Journalism, as practiced at newspapers, is not dead. But journalists will need to salvage what is essential, figure out how to transform it to the new media, and become leaders in this period of upheaval. It will take men and women of vision and deep pockets, whose primary catalyst is not profit.

“I believe a newspaper is a civic asset, a civic trust,” says Eli Broad in John Nichols’ contribution to this book. “I see a role for foundations that are not totally bottom-line oriented somehow being involved in the newspaper industry and/or civic-minded families and others.”

This idea offers a possible solution—one we already see being tried in several online journalistic endeavors—if journalists do not let the agendas of their funders influence their work and undermine the credibility of these new enterprises. There are these inherent risks, and they must be dealt with, since there is no other choice. I’d argue that we cannot, as a nation, continue to lose thousands of journalists or sit back and watch the daily erosion of journalistic work on which we, as citizens, rely.
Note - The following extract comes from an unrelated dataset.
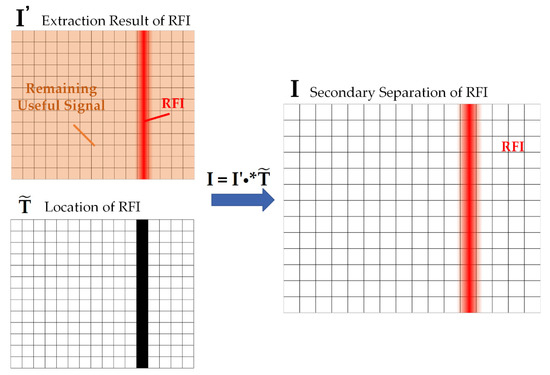 In order to further reduce the loss of useful signals after RFI mitigation, this study proposes a secondary separation of RFI, the process is shown in Figure 5.

As journalists, we live in a time of crisis—offering the possibility of historic change—as we witness a pillar of our democracy being wounded and withering away. Great urgency and risk taking is called for to stem the collapse of what newspapers have stood for in our country’s past. We have no other choice.

Robert J. Rosenthal is the former editor of The Philadelphia Inquirer and former managing editor of the San Francisco Chronicle. He hopes to contribute to building a new media organization that takes advantage of all of the opportunities that lie ahead. In January he will become the Executive Director of the Center for Investigative Reporting in Berkeley.